- PROMPT:
Pictures must not appear in the copy. Set down exactly the line with "In this paper, the" and each line after it through the end of the data below.

Records from a data source
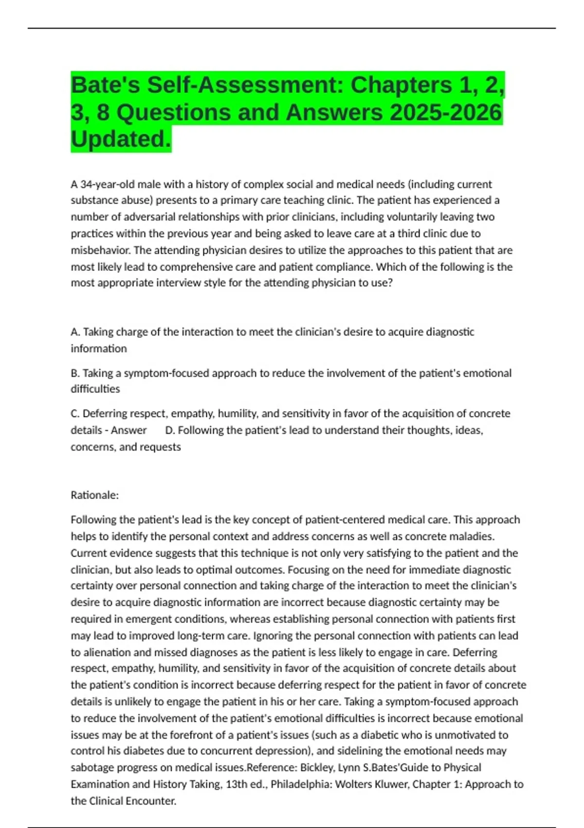 1 Exam (elaborations) Physical Assessment - Final Exam (Bates) Questions and All Correct Answers Updated. 2 Exam (elaborations) Chapter 20- The Older Adult Bates Test Bank Questions and Correct Answers Updated. 3 Exam (elaborations) Chapter 9 Bates Test Questions All Answered Correct Updated.
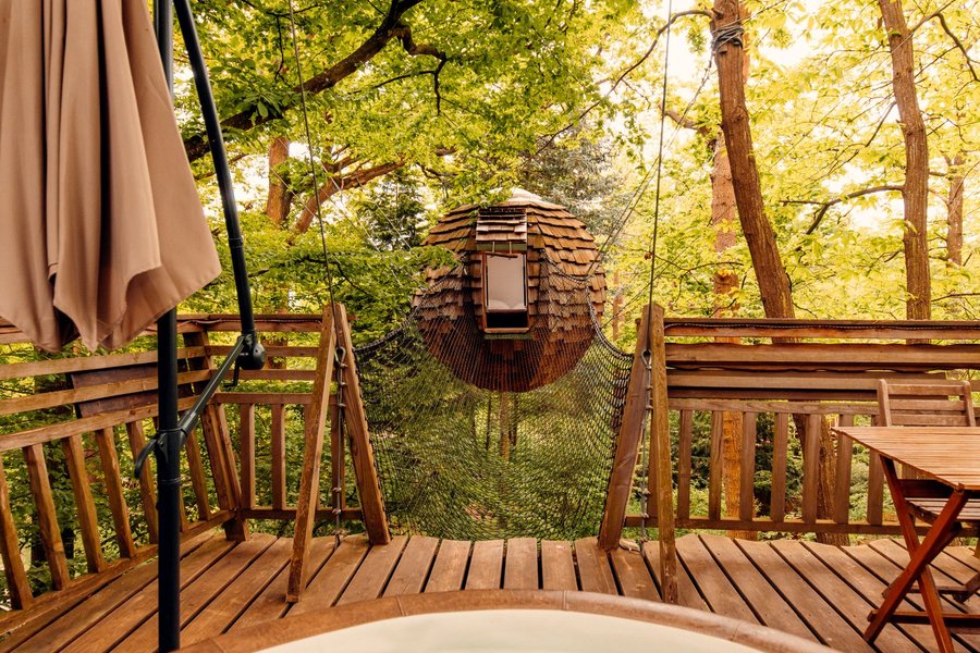 Profitez d'une escapade en amoureux dans un cocon suspendu dans les arbres ! La Cabane "Spa Cocoon d'Amour" est un véritable nid douillet pour les amoureux de nature.
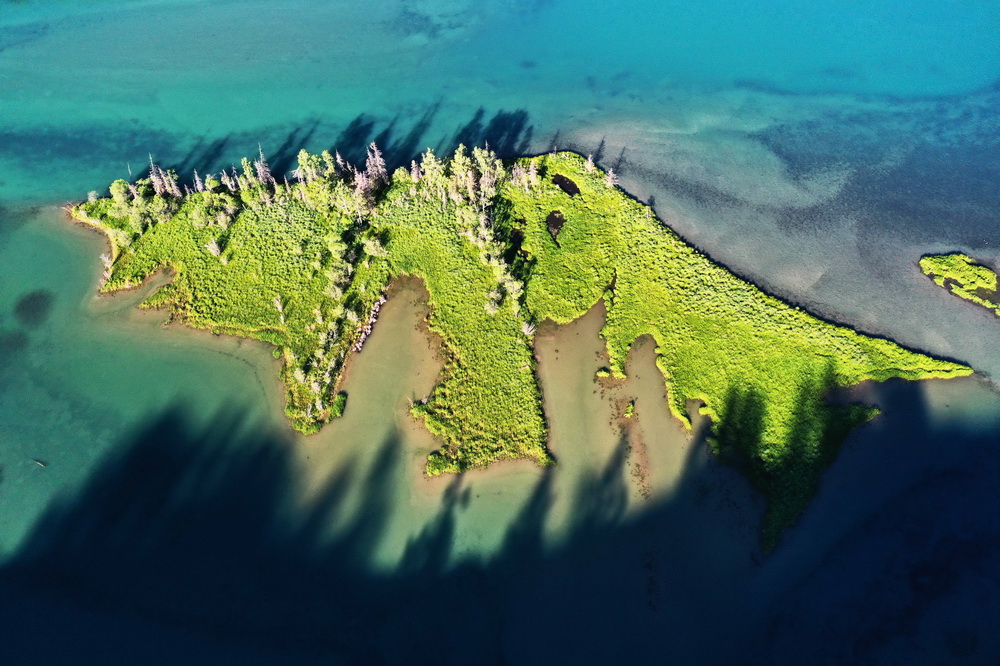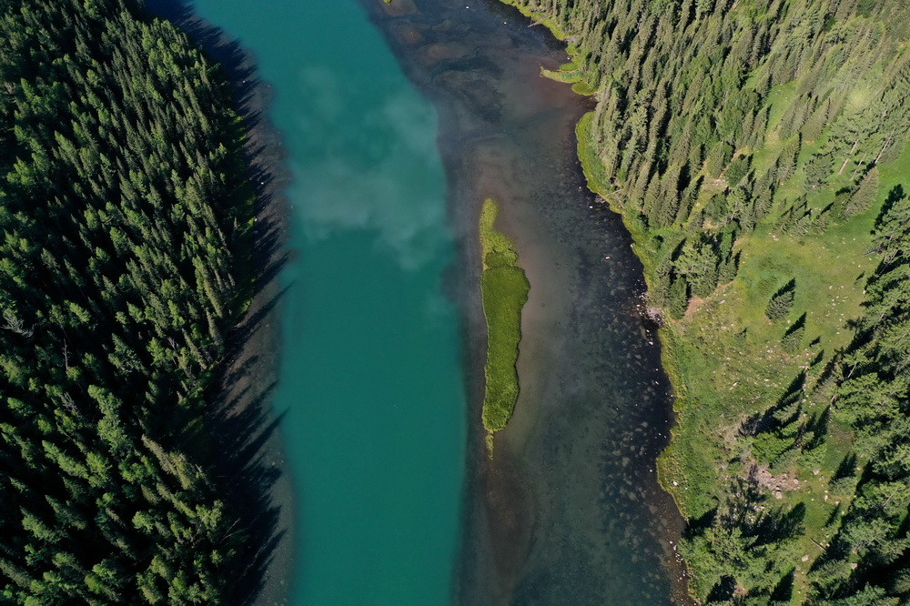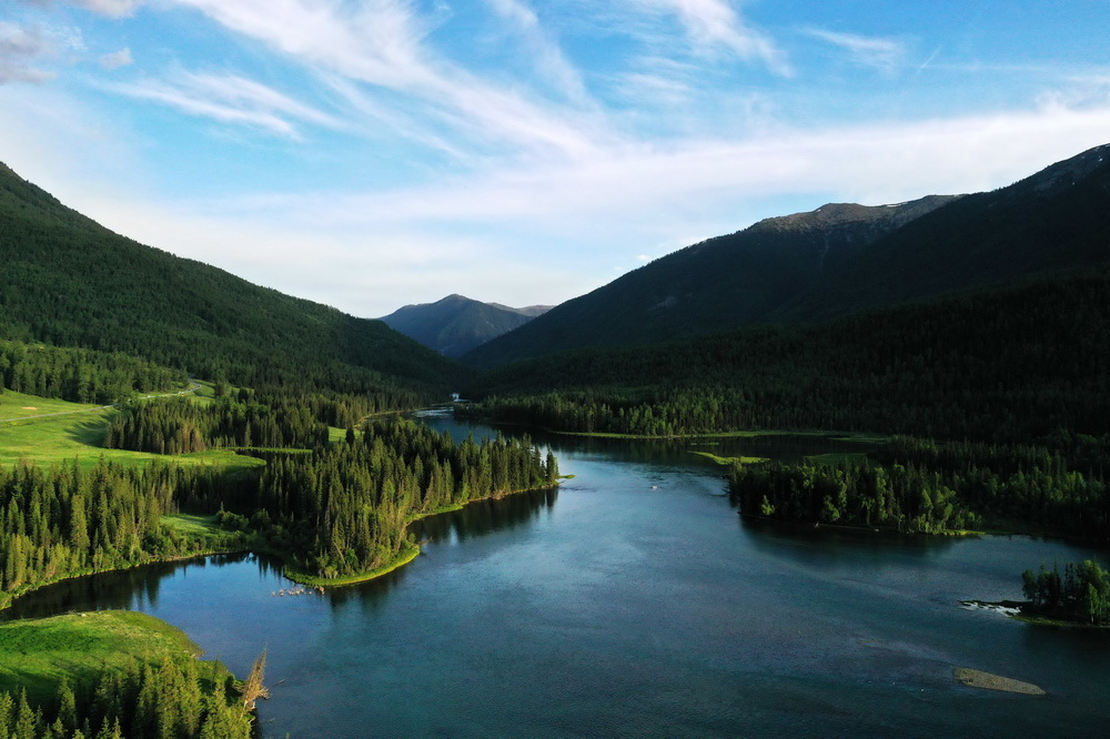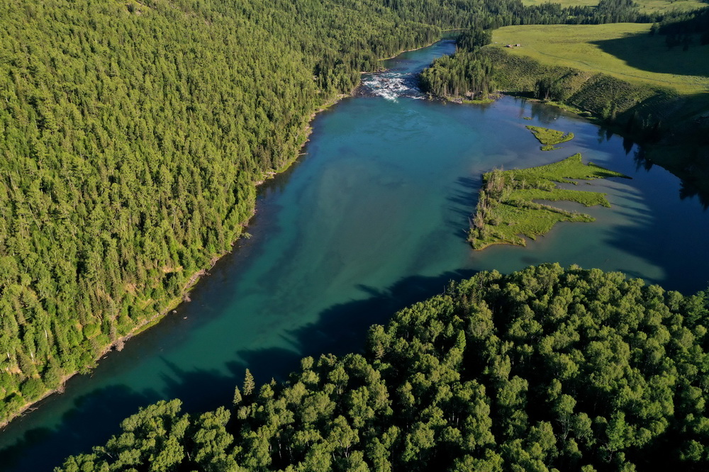 這是6月25日拍攝的新疆喀納斯景區(qū)風(fēng)光(無(wú)人機(jī)照片)。新華社記者 沙達(dá)提 攝
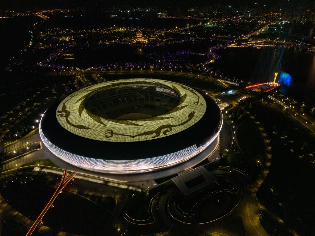这是4月19日拍摄的第31届世界大学生夏季运动会开幕式主体育场及主火炬。新华社记者沈伯韩摄
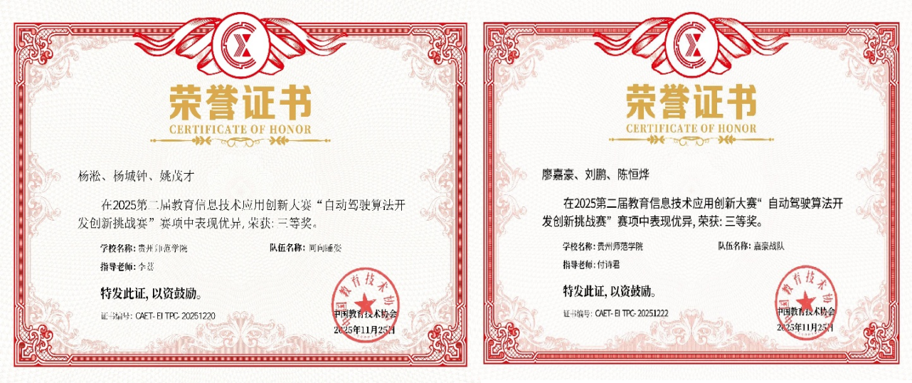 bat365中文官方网站物理与电子科学学院集成电路专业“奇点战队”在“自动驾驶算法开发创新挑战赛”中表现卓越,荣膺全国一等奖,并获5000元奖金;“嘉豪战队”与“同向睡姿战队”分别荣获全国三等奖。此成绩充分彰显了学校在信创与AI自动驾驶交叉领域的教学创新及实践成效,亦标志着学校在“课程—实训—竞赛—认证”四级一体化人才培养模式方面实现初步突破。作为集成电路现代产业学院建设的重要实践,参赛团队凭借国产芯片(如飞腾派)及开源软硬件平台,完成多场景任务的设计与开发,有力推动了教学内容由理论向实践的跨越,增强了学生在真实产业环境中的技术应用能力。
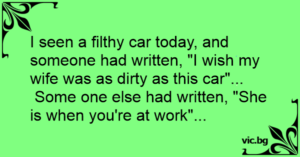 I seen a filthy car today, and someone had written, "I wish my wife was as dirтy as this car"...
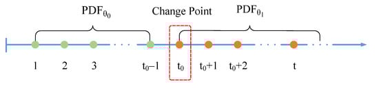 In this paper, the change point is defined as the first point of the distribution, denoted by the time index in Figure 3.
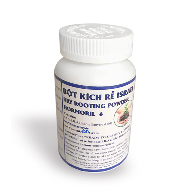• Bột Kích Rễ Israel Rooting Power Hormoril 6 đặc biệt dành riêng cho hoa hồng thuộc họ thân gỗ. Với thành phần Thiabendazole + Indole Butyric Acid giúp vết cắt cây “liền lại nhanh chóng”, không bị thối và đen đầu. Đồng thời, Thúc đẩy hình thành rễ thân, rễ nhánh, rễ lá , bởi vậy có thể dùng để thúc đẩy sự mọc rễ của hạt giống, ươm giống sinh rễ
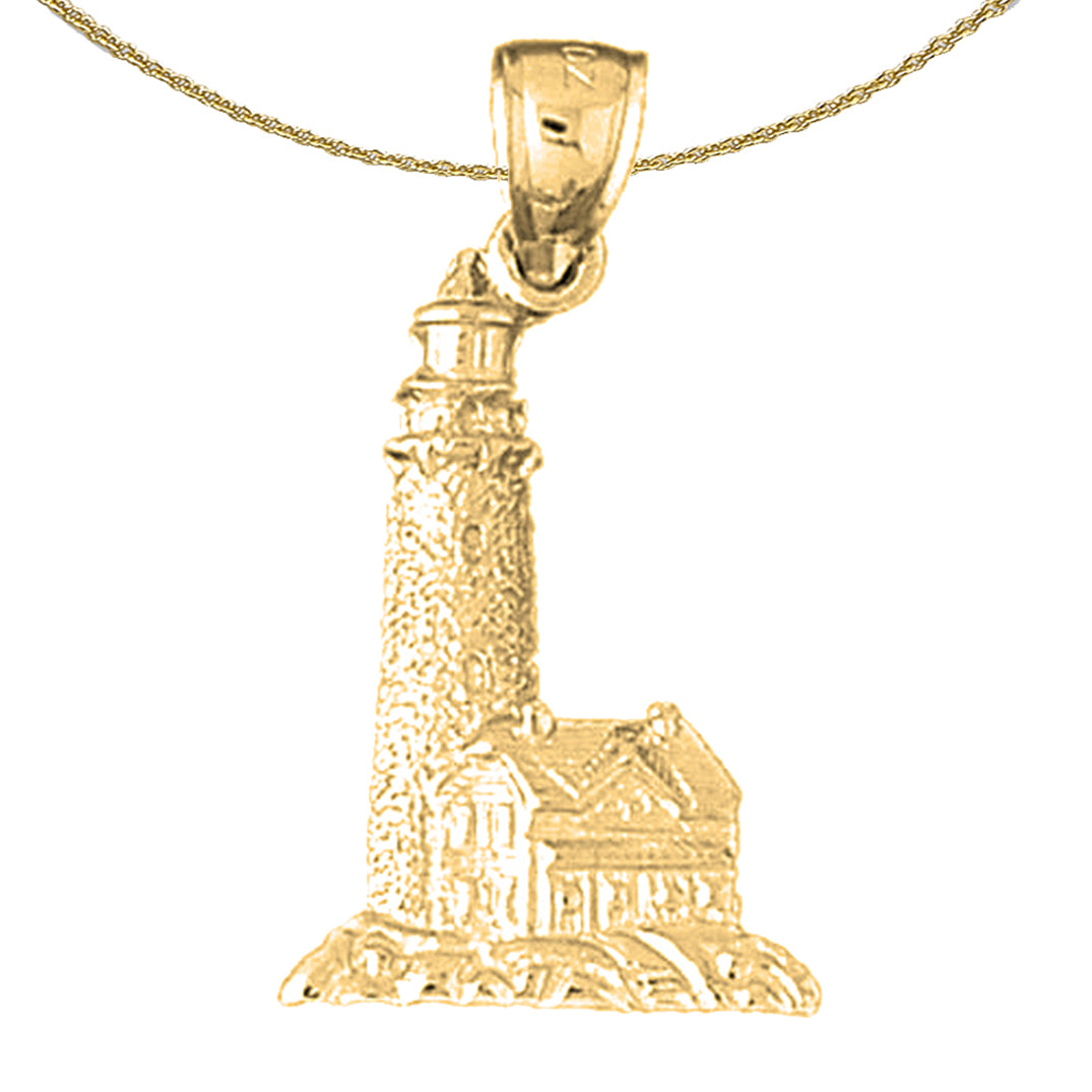 Sterling Silver Lighthouse Pendant (Rhodium or Yellow Gold-plated)
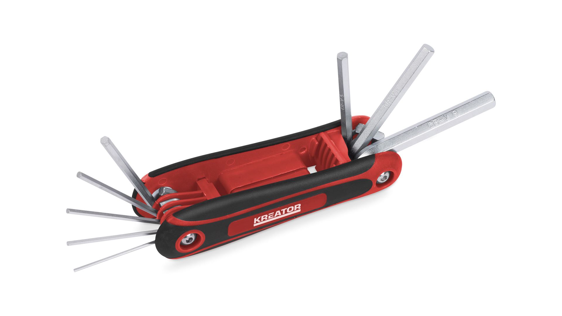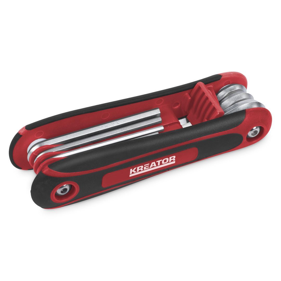 Ez egy praktikus, 8 darabos, L alakú imbuszkulcs készlet a Kreator termékcsaládunkból. Akárcsak egy svájci zsebkést, a kulcsokat is kinyithatod, és máris elkezdheted a munkát. Kiváló minőségű króm-vanádium ötvözetből készültek.

- EXERCISE SOLUTION:
 In this paper, the change point is defined as the first point of the distribution, denoted by the time index in Figure 3.
• Bột Kích Rễ Israel Rooting Power Hormoril 6 đặc biệt dành riêng cho hoa hồng thuộc họ thân gỗ. Với thành phần Thiabendazole + Indole Butyric Acid giúp vết cắt cây “liền lại nhanh chóng”, không bị thối và đen đầu. Đồng thời, Thúc đẩy hình thành rễ thân, rễ nhánh, rễ lá , bởi vậy có thể dùng để thúc đẩy sự mọc rễ của hạt giống, ươm giống sinh rễ
 Sterling Silver Lighthouse Pendant (Rhodium or Yellow Gold-plated)
 Ez egy praktikus, 8 darabos, L alakú imbuszkulcs készlet a Kreator termékcsaládunkból. Akárcsak egy svájci zsebkést, a kulcsokat is kinyithatod, és máris elkezdheted a munkát. Kiváló minőségű króm-vanádium ötvözetből készültek.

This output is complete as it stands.